New technologies are always interesting. Why did they arise, what problems they solve, how do they solve? LINQ (Language Integrated Query), an SQL-like query language for data sequences (arrays, database responses, collections), is one such chip. For example,
')
var q = from c in db.Customers where c.Activity == 1 select new { c.CompanyName, c.ItemID, c.ItemName };
In C #, support for this syntax is built in at the language level, although in fact it is syntactic sugar, which is converted to the following form
var q = db.Customers. Where((c) => c.Activity == 1). Select((c) => { c.CompanyName, c.ItemID, c.ItemName });
Here, the
Where
and
Select
functions are defined over data sequences, but the processing logic is defined for an individual element. It is made in the spirit of functional programming - everything is a function and the result of calculating the function depends only on the input parameters. The requirement for the purity of the functions allows a priori to eliminate errors due to side effects.
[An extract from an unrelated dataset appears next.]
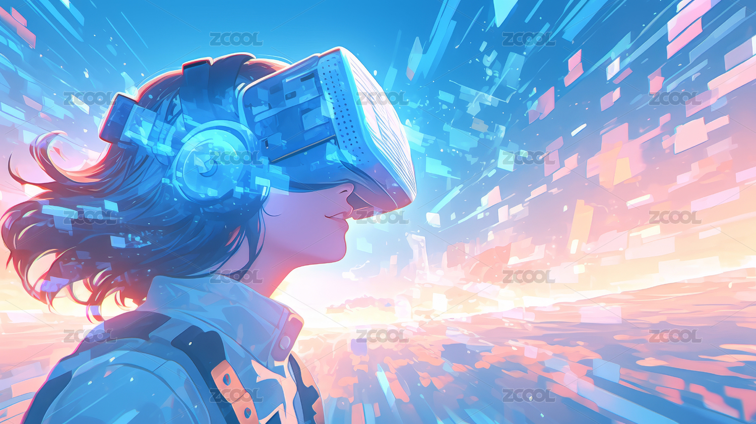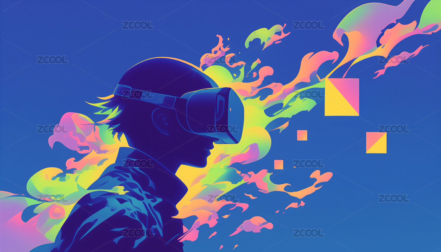 戴着VR眼镜的男性炫彩烟雾方块插画

There are other advantages:
- Since the order of processing is not important, processing over the set can be done in parallel.
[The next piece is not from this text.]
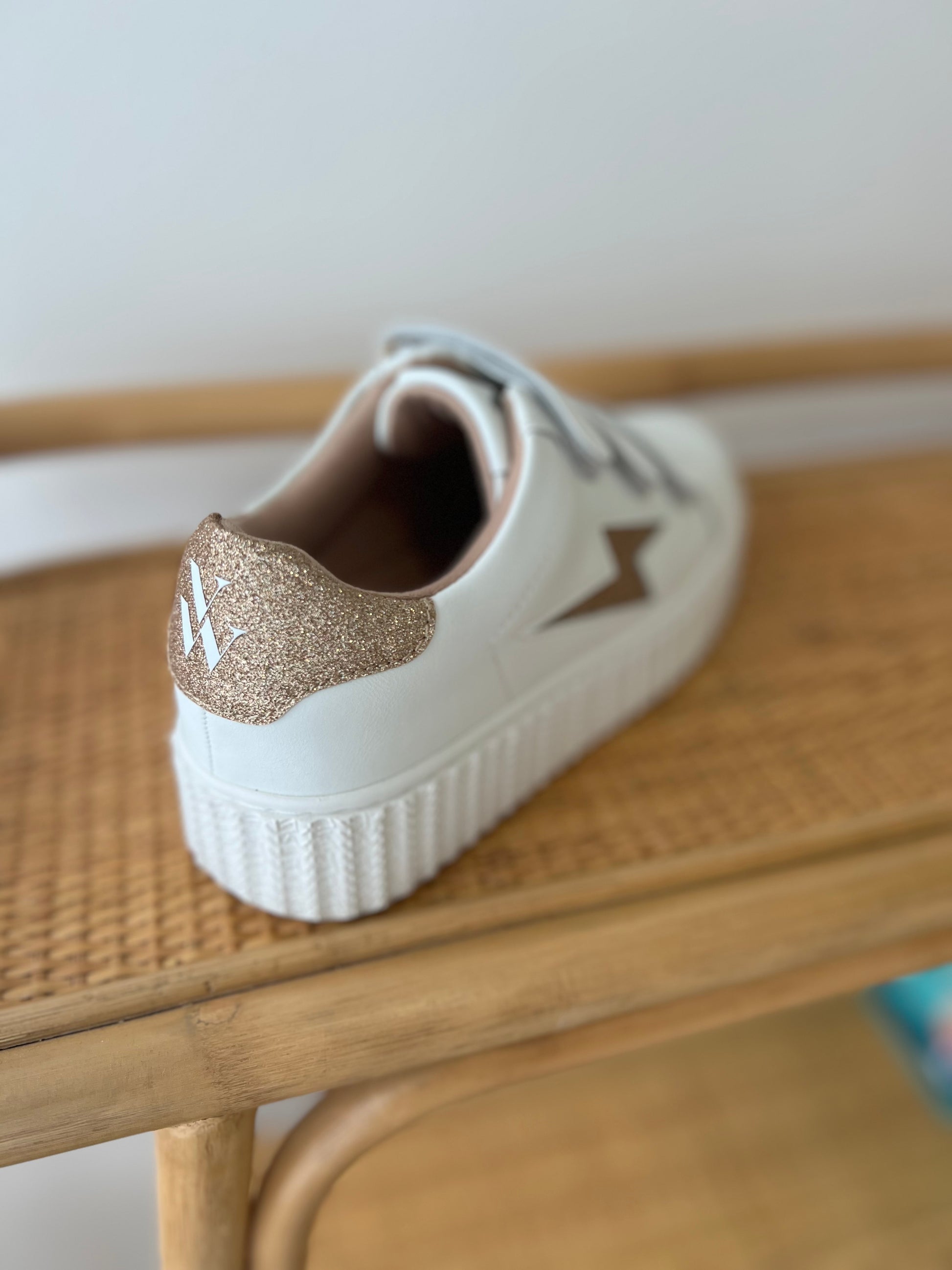 - Baskets en similicuir blanc

- Instead of searching LINQ locally, queries can be folded (including partially) into ordinary SQL database queries. Request externally remains the same.
- The processing logic of an individual element is isolated. It can be reused for other collections or combined with others.
It would be nice to have the same tool in PHP. It would be good, as in C #, without any extra computational overhead. And although there are such libraries, each implements this functionality differently. The reason is that the user-friendly implementation of LINQ draws on many of the features of C #, which in PHP are not in the right form and need to be imitated. And then everyone has different tastes.
Why can not copy?
Let us list what features C # at first glance is not enough to copy the library in PHP.
- weak typing . It is rather an advantage.
- no overloading methods. This is a consequence of the previous paragraph. For example, if you need to compare strings, arrays and objects, then you need to write three different functions with the names
cmpString
, cmpArray
, cmpLaptop
or put if inside one big one. Both solutions are bad. In the first case, the type information in the name "clogs" the code where these functions are used. In the second case, it is hard to expand the functionality. - no class extensions. You cannot write a method and call it as if it is a method of another class, that is, you cannot extend IEnumerable <T> by simply connecting your namespace. But in PHP there is a magic __call method, through which you can call static methods implemented elsewhere. The truth is to modify the desired class, and this is not always possible. It is also worth forgetting about the support in the IDE.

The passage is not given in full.